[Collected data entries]
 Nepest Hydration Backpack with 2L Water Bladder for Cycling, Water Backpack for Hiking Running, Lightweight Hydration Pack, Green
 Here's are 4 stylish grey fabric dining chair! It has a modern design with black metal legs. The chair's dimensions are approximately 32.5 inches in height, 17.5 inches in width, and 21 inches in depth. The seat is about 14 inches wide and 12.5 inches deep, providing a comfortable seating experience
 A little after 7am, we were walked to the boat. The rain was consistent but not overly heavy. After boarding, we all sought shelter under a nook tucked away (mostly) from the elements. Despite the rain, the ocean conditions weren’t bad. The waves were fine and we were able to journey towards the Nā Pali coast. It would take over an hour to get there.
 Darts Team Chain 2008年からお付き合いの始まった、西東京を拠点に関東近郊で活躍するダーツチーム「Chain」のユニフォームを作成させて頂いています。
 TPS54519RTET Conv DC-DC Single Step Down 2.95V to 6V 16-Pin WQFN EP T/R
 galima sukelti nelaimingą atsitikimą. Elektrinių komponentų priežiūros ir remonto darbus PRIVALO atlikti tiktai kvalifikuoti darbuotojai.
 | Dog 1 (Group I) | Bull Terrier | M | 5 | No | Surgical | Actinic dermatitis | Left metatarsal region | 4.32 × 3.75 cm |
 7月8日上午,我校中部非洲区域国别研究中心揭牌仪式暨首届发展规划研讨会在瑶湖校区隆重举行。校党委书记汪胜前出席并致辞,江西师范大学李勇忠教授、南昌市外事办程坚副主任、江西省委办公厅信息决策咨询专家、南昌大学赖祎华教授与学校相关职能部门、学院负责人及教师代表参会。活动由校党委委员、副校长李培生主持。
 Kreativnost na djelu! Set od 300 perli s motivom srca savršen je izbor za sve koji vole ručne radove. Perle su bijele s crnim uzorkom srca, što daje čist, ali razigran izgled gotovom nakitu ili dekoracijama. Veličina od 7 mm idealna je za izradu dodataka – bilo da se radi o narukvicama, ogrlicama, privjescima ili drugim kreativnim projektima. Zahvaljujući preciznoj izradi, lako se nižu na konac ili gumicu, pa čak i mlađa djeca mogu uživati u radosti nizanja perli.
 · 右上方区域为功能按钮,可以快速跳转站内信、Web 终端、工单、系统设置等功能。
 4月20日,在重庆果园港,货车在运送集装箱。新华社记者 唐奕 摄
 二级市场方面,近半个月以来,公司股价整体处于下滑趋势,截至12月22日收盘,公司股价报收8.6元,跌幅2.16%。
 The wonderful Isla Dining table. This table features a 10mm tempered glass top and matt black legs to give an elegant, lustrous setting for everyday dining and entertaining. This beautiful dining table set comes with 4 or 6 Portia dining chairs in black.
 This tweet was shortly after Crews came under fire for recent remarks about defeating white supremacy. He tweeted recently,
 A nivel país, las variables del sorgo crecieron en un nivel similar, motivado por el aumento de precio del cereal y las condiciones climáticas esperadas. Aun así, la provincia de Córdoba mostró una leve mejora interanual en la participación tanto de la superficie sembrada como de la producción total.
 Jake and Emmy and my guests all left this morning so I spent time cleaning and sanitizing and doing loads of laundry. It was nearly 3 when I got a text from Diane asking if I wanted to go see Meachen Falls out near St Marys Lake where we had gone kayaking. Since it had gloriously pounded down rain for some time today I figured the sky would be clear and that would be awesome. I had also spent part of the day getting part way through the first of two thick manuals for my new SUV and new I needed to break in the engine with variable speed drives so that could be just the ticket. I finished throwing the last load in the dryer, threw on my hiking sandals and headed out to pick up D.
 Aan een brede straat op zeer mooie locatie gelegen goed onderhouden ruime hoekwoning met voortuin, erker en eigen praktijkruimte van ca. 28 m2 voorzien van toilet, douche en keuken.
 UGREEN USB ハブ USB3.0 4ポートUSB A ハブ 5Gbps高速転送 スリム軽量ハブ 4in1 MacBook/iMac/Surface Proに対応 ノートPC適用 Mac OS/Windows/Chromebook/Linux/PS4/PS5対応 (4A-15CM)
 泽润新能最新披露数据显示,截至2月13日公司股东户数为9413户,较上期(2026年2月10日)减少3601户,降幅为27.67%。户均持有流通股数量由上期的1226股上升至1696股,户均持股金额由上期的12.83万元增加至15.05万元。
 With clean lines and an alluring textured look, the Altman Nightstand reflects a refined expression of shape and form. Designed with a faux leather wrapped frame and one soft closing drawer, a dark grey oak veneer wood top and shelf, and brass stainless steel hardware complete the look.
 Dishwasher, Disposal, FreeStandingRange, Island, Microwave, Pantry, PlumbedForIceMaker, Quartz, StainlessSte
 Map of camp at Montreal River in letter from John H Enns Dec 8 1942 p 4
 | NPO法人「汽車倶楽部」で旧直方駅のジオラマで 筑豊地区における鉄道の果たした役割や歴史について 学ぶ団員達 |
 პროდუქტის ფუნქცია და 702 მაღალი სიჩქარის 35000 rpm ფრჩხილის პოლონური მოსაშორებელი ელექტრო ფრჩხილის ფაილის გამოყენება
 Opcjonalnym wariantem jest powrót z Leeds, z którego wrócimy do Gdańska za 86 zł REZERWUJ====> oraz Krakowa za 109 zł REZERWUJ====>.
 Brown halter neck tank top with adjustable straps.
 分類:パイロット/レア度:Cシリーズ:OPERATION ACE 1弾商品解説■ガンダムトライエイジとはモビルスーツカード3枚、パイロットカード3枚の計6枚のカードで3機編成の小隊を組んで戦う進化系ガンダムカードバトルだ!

▶ TASK GOAL
Out of the entries above, write out only the lines between the line holding "galima sukelti nelaimingą" and the line holding "二级市场方面,近半个月以来,公司股价整体", inclusive, each exactly as given.

▶ ANSWER TO THE EXERCISE
 galima sukelti nelaimingą atsitikimą. Elektrinių komponentų priežiūros ir remonto darbus PRIVALO atlikti tiktai kvalifikuoti darbuotojai.
 | Dog 1 (Group I) | Bull Terrier | M | 5 | No | Surgical | Actinic dermatitis | Left metatarsal region | 4.32 × 3.75 cm |
 7月8日上午,我校中部非洲区域国别研究中心揭牌仪式暨首届发展规划研讨会在瑶湖校区隆重举行。校党委书记汪胜前出席并致辞,江西师范大学李勇忠教授、南昌市外事办程坚副主任、江西省委办公厅信息决策咨询专家、南昌大学赖祎华教授与学校相关职能部门、学院负责人及教师代表参会。活动由校党委委员、副校长李培生主持。
 Kreativnost na djelu! Set od 300 perli s motivom srca savršen je izbor za sve koji vole ručne radove. Perle su bijele s crnim uzorkom srca, što daje čist, ali razigran izgled gotovom nakitu ili dekoracijama. Veličina od 7 mm idealna je za izradu dodataka – bilo da se radi o narukvicama, ogrlicama, privjescima ili drugim kreativnim projektima. Zahvaljujući preciznoj izradi, lako se nižu na konac ili gumicu, pa čak i mlađa djeca mogu uživati u radosti nizanja perli.
 · 右上方区域为功能按钮,可以快速跳转站内信、Web 终端、工单、系统设置等功能。
 4月20日,在重庆果园港,货车在运送集装箱。新华社记者 唐奕 摄
 二级市场方面,近半个月以来,公司股价整体处于下滑趋势,截至12月22日收盘,公司股价报收8.6元,跌幅2.16%。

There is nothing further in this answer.